Knocking the Rust Off

By: Jason Blair, Designated Pilot Examiner | April 2013

Most of us don't get to fly a lot in the winter, and we get rusty. We fly more in the spring and summer because the weather is conducive; we have more time off, take vacations, etc. Unfortunately, it is also when we have more incidents, more accidents, and sadly, more deaths in aviation.

As a Designated Pilot Examiner, when I see pilots during practical tests, they are usually at their best. They have practiced, studied, gotten current, and have done everything they can to be sure they demonstrate the qualities of the absolute best pilot they can be. But most don't stay at this level of proficiency. Pilots fall back into their normal life pattern, flying when it is convenient or when they want to make a personal or business trip. This isn’t necessarily enough flying to keep them proficient.

As an examiner, an instructor and a pilot who flies regularly, I've collected a few practices that can help all pilots keep their skills sharp.

  • Flying Isn’t Just for Holidays. Pilots’ lives are busy and many only get a chance to use their aircraft for trips when they have time off. This irregular flying doesn't keep their skills up. Long trips also don't help build repetitive practice for things such as landings, planning flights in consideration of weather, or even familiarity with the cockpit. The answer is simple, yet sometimes tough to do: Fly more often. These don't have to be long flights, a half hour with 3 landings on a Saturday morning twice a month will go far to keeping you proficient between those longer trips that sometimes come months apart.
  • Fly With an Instructor or Another Pilot. Nobody likes criticism, but receiving some qualified feedback will increase your skill development and competence as a pilot. Taking a qualified instructor with you periodically to obtain outside feedback is a good idea. Find a local instructor, ask them to take a ride with you and take to heart what they indicate you should work on. If an instructor isn't available, take an experienced, qualified pilot who will provide you with some straight feedback. In both cases, be honest and challenge yourself to practice the things you really need work on, not what you think will make the instructor or your friend think you are a good pilot.
  • Stop Before Programming Anything. A new iPad, a new portable GPS, a new panel mounted GPS or glass panel is fun to engage with, but it can also be overwhelming. In some cases, it can be confusing and cause our attention to shift to the system rather than our aircraft. It can lead to problems if we are trying to taxi or takeoff at the same time. When our attention diverts from aircraft control, it’s easy to end up taxiing where we shouldn't. The result can be a runway incursion, or causing damage to the aircraft by taxiing off a taxiway, running over a runway light, or bumping a wing on a hangar. When you are programming or setting up equipment, stop the aircraft. This simple tip can help pilots avoid potential aircraft damage or violations of regulations.
  • Be Willing to Say It's a "No-Go.”Be Willing to Say It's a "No-Go.” The pressure of a planned family trip can be hard to overcome, but it's always better to be able to take a trip in the future than to have one end in tragedy because of a bad decision to fly in conditions beyond the capability of the pilot or the aircraft. Set good personal minimums and stick to them. Practice this even on days when you aren't flying by "simulating" planning for a flight.
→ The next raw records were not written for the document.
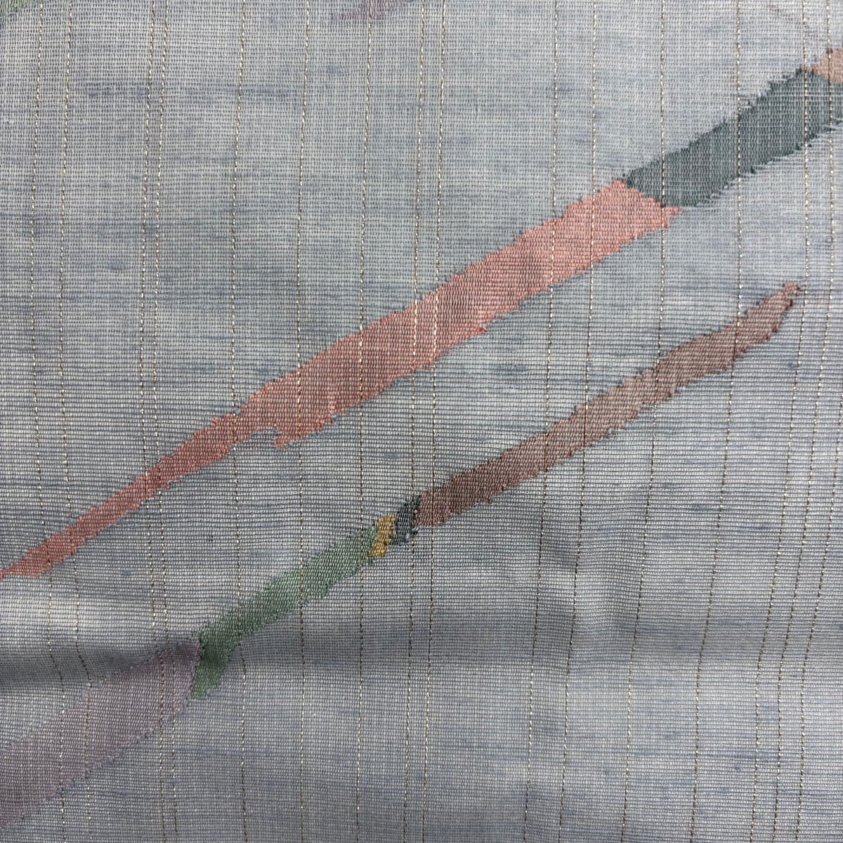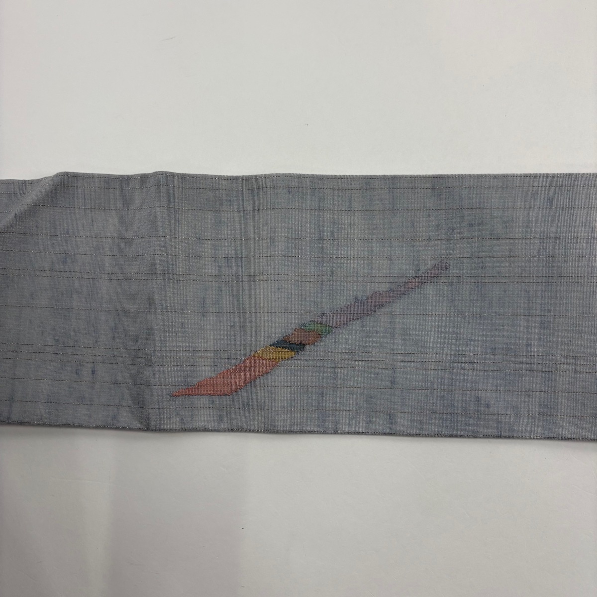 | 名古屋帯 秀品 夏紬地 幾何学 縞 金銀糸 青灰色 正絹 【中古】 |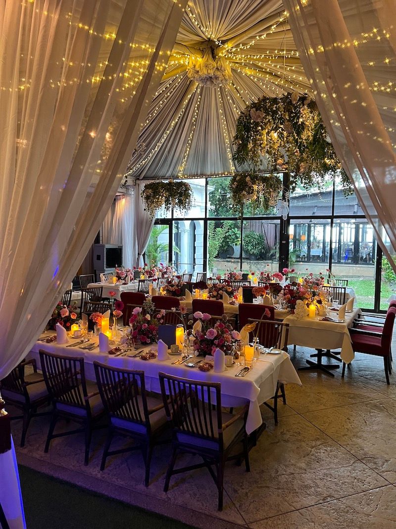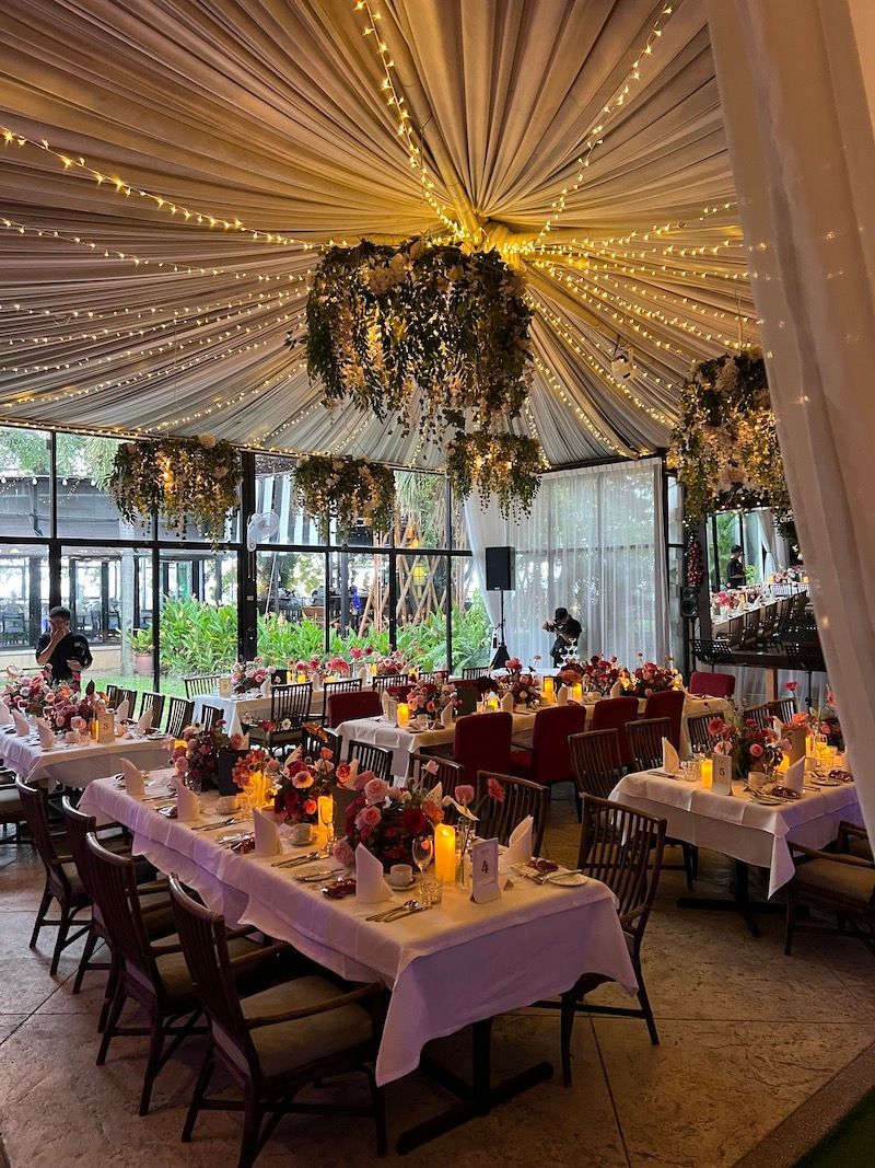 YOUR WEDDING AND DINING EXPERIENCE WILL BE ENHANCED BY THE QUIET ELEGANCE OF THE DECOR. THERE IS A LOUNGE AREA FOR COCKTAILS AND PRE-DINNER DRINKS. A PRIVATE ROOM FOR 12 TO 14 PEOPLE IS AVAILABLE, AS WELL AS ANOTHER THAT SITS UP TO 20 IN A GAZEBO.
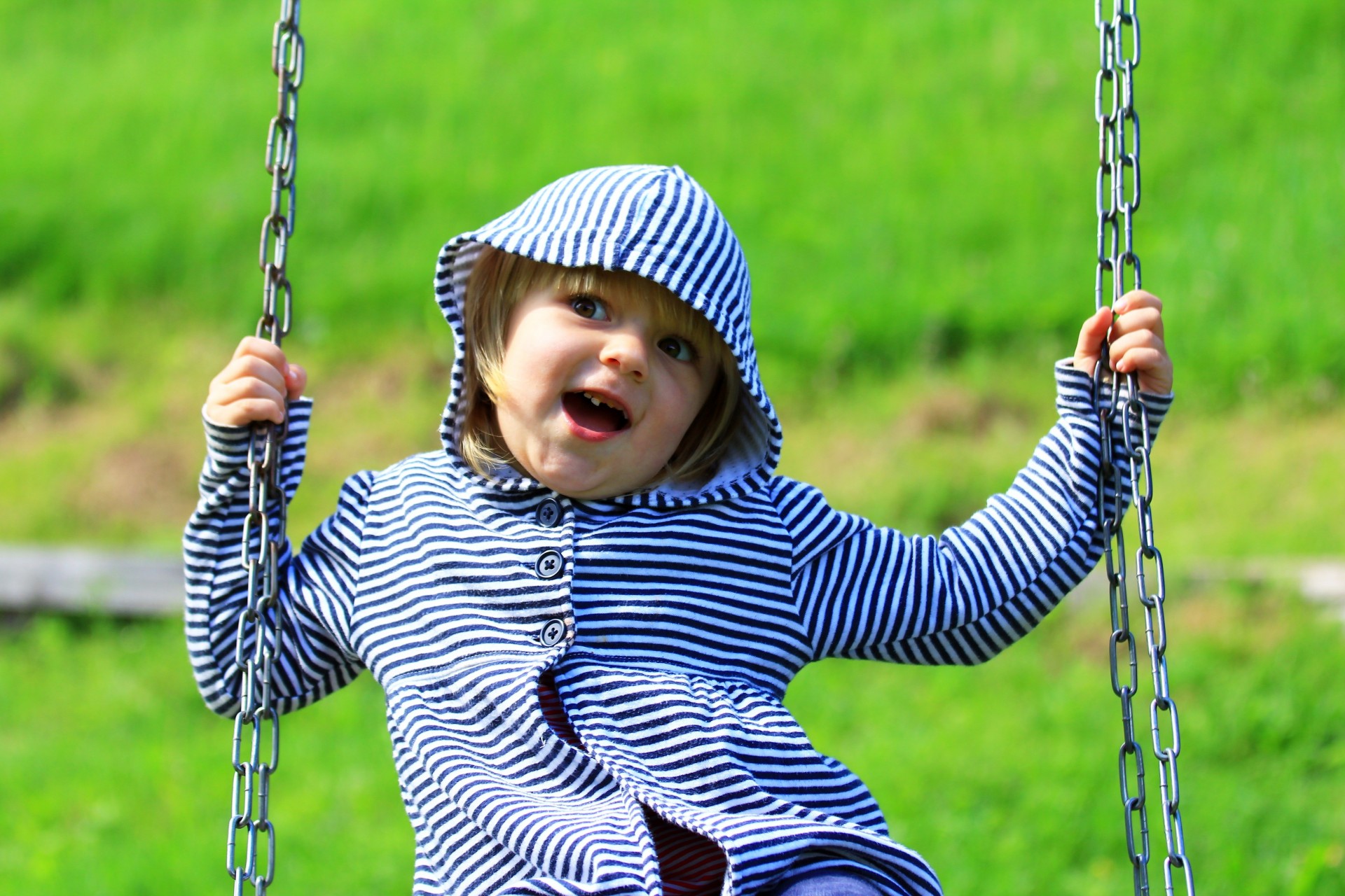 L'enfant se balance sur une balançoire. jolie fille souriante moucheL'enfant se balance sur une balançoire. Jolie fille souriante mouche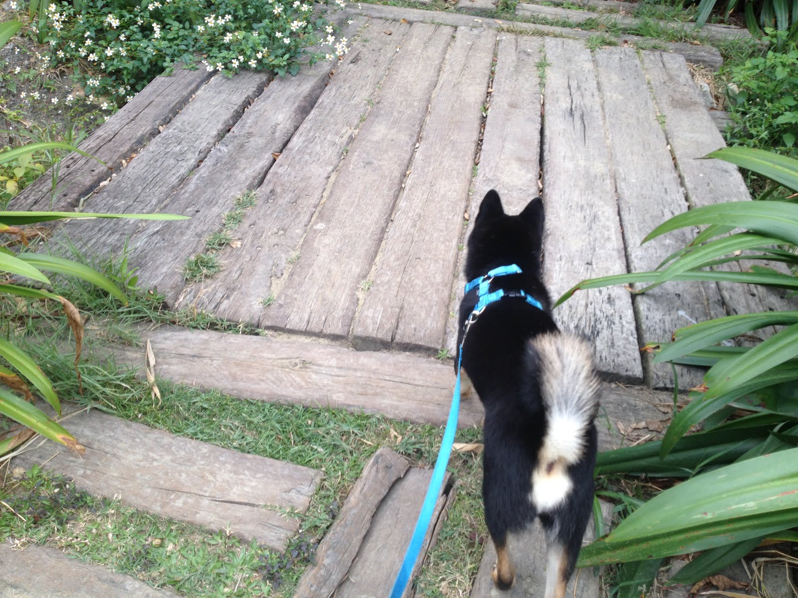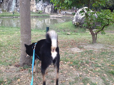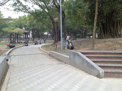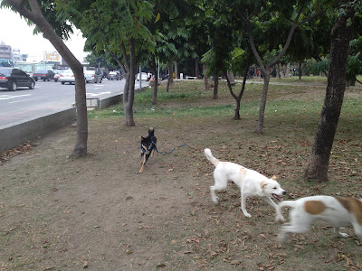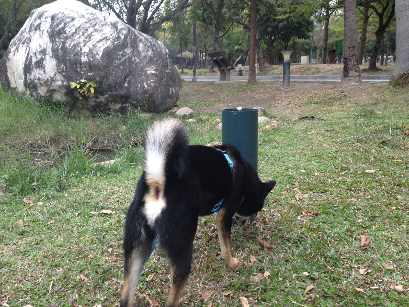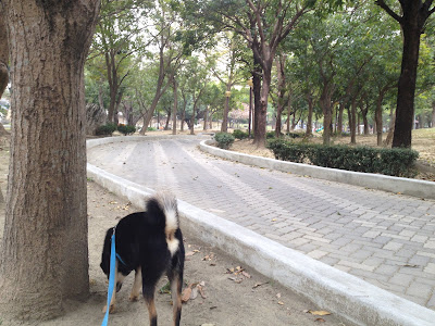 今天的地點是林森路不知名的公園,到了以後健一開始是一直在嗅聞並大小便,我則隨著他到處走動,牽繩當然是要維持鬆的。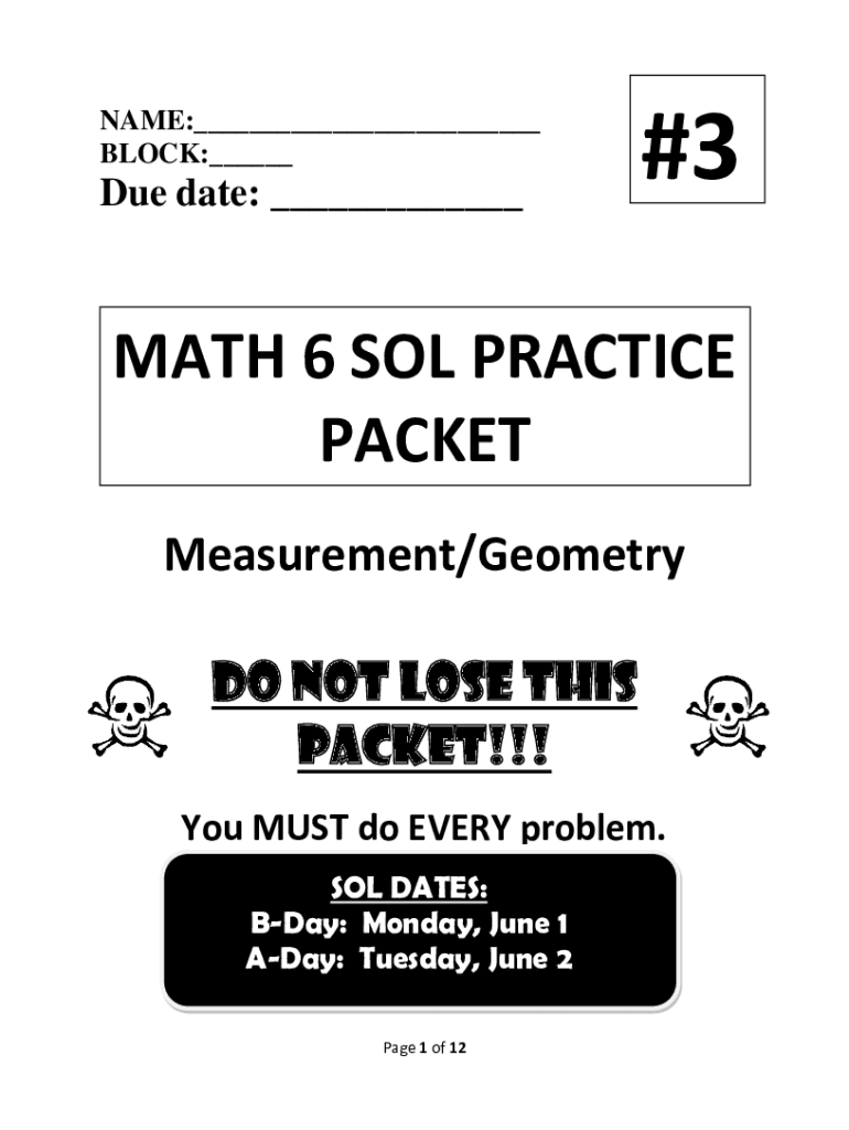 NAME:___ BLOCK:___Due date: ___#3MATH 6 SOL PRACTICE PACKET Measurement/Geometry do not lose this packet!!! You MUST do EVERY problem. SOL DATES: Day: Monday, June 1 Day: Tuesday, June 2 Page 1 of

I regularly look at weather on days when I am not flying. It takes just a few minutes to pick a location, get the weather in the way that you normally do, and analyze it. Imagine you were really planning to fly that day and make a decision if it would be a "go" or a "no-go." What I find in most cases is we are more conservative when there isn't real-world pressure to make the flight taking into account our own personal minimums. If we practice this process when it "doesn't matter" we build a habit. The hope is that this habit will matter when it is the real deal.

Last year, the Memorial Day weekend saw a significant increase in fatal accidents. We saw the same thing on the Fourth of July weekend. Pilots who weren't keeping their skills sharp flew on those weekends for fun and for travel with a tragic end. Help us make sure this spring and summer keeps pilots and the friends and families who ride with them safe by making good decisions and staying proficient.

Jason Blair is an active single and multi-engine instructor and FAA Designated Pilot Examiner with 4,600 hours total time and 2,600 hours instruction given. He serves on several FAA/Industry aviation committees and is the past Executive Director of the National Association of Flight Instructors. He also consults on aviation training and regulatory efforts for the general aviation industry.